I understand that insurance isn't supposed to be a money-maker for the consumer. It's coverage for a unlikely failures that would be devastating. But the fine print excludes so many types of failures that it's not really providing that protection. Paradoxically they insurance companies benefit from more high-profile failures, since that creates demand without advertising. So really this type of warranty is just taking money with little benefit.
Manufacture's warranties are a much different proposition. They are covering design, fabrication and assembly mistakes. Since these failure happen in groups, they are more likely to be recognized as valid warranty claims and be fixed with little hassle. And since the payout is being made by the same company that made the mistake, it encourages them to fix the problem correctly and do everything economically feasible to avoid the problem in the next model.
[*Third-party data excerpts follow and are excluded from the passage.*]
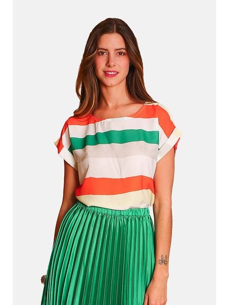 – z dodatkiem jedwabiu- dekolt: karo- krój: luźny- wzór: paskiUwaga: Na metkach odzieży tej marki znajdują się rozmiary francuskie. Rozmiarówka została przez nas przeliczona. Podane do wyboru warianty rozmiarów odpowiadają standardowym europejskim rozmiarom konfekcji. Prosimy zapoznać się z zamieszczonym objaśnieniem rozmiarów.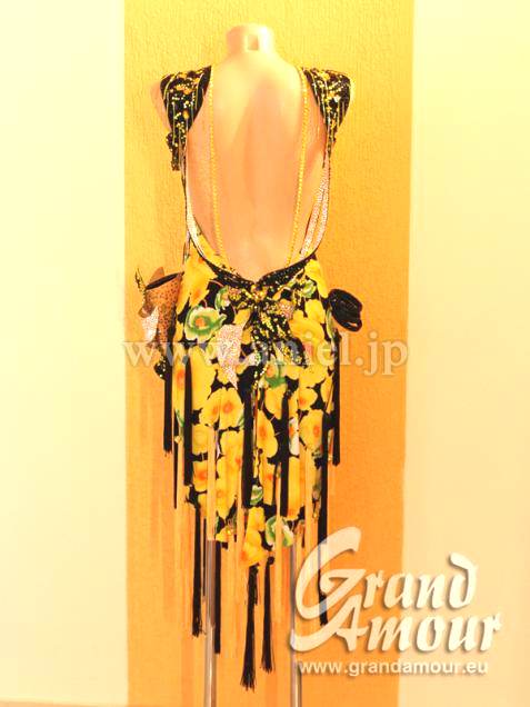 鮮やかな黄色に花柄の個性的でゴージャスなドレスです。
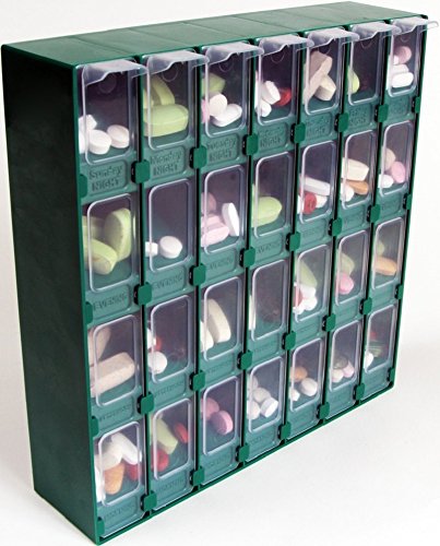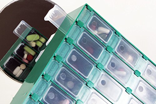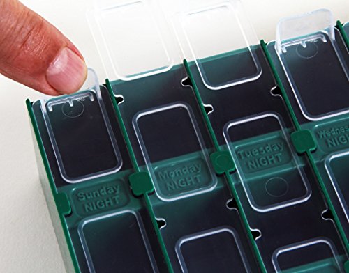 Double the compartments: using a proprietary mirror-image design, the front and reverse of the pill organizer is IDENTICAL; 28 spacious compartments PER SIDE!

Back to the original poster's question: driveline failures in the warranty period are rare. And they cost surprisingly little to fix. While driveline components tend to be expensive at retail, the internal cost is low. Generally they don't take a lot of labor, the time estimate matches the actual time taken, and dealers are paid for that labor at cost (which they don't like at all).
Other failures are much more common, and generate a big proportion of a dealer's profit. Changing a window regulator can bill at two or three hours of labor when it takes half that, and there is a 60+% margin on the part. That's a revenue stream they don't want to give up.